The current transformation towards smart manufacturing has led to a growing
demand for human-robot collaboration (HRC) in the manufacturing process.
Perceiving and understanding the human co-worker's behaviour introduces
challenges for collaborative robots to efficiently and effectively perform
tasks in unstructured and dynamic environments. Integrating recent data-driven
machine vision capabilities into HRC systems is a logical next step in
addressing these challenges. However, in these cases, off-the-shelf components
struggle due to generalisation limitations. Real-world evaluation is required
in order to fully appreciate the maturity and robustness of these approaches.

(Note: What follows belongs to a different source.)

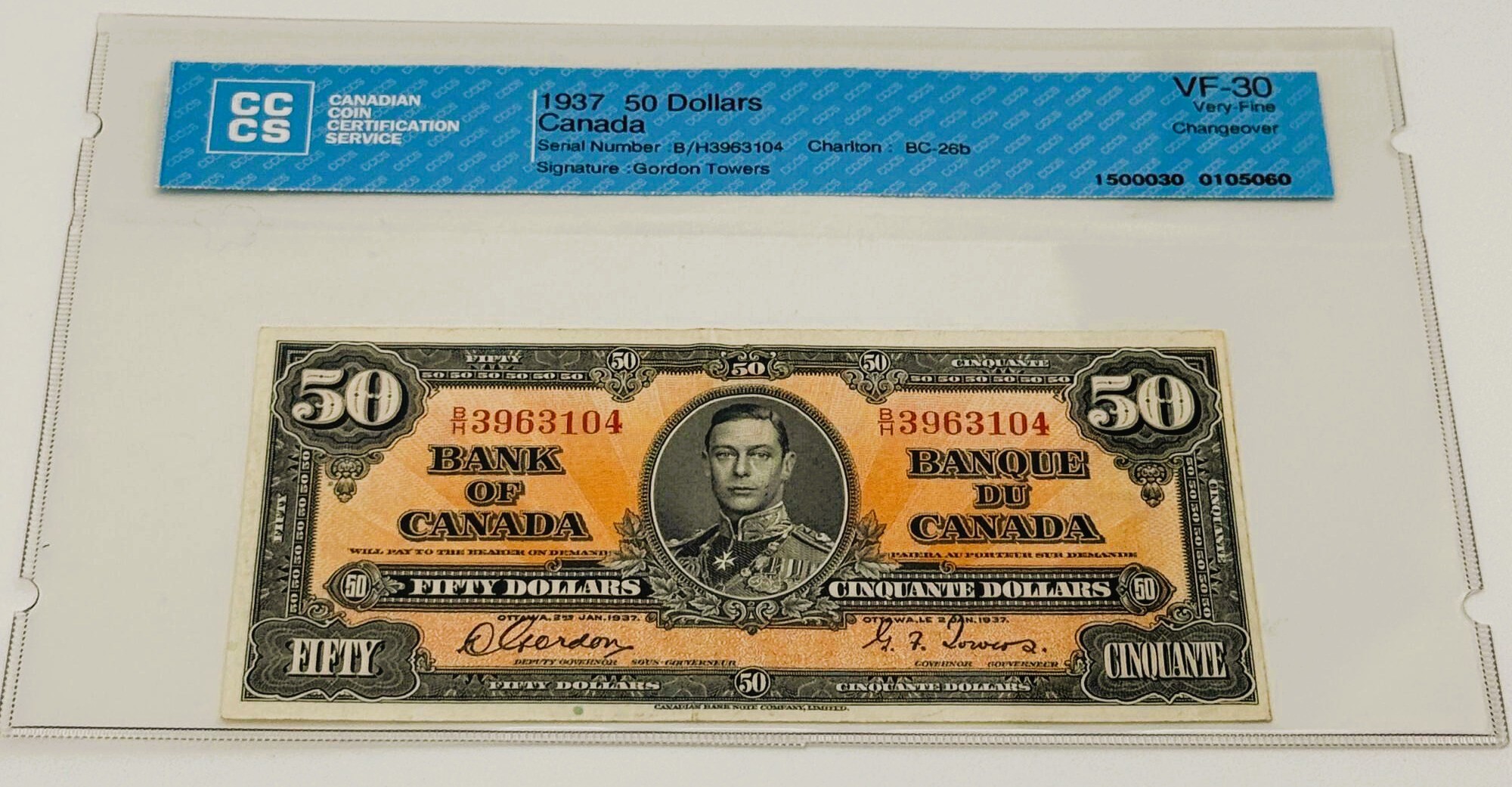 Banque du Canada – 50 Dollars 1937 – Gordon/Towers – Préfixe BH – Certifié – VF30 – BC-26b – Changeover

Furthermore, understanding the pure-vision aspects is a crucial first step
before combining multiple modalities in order to understand the limitations. In
this paper, we propose GoferBot, a novel vision-based semantic HRC system for a
real-world assembly task. It is composed of a visual servoing module that
reaches and grasps assembly parts in an unstructured multi-instance and dynamic
environment, an action recognition module that performs human action prediction
for implicit communication, and a visual handover module that uses the
perceptual understanding of human behaviour to produce an intuitive and
efficient collaborative assembly experience. GoferBot is a novel assembly
system that seamlessly integrates all sub-modules by utilising implicit
semantic information purely from visual perception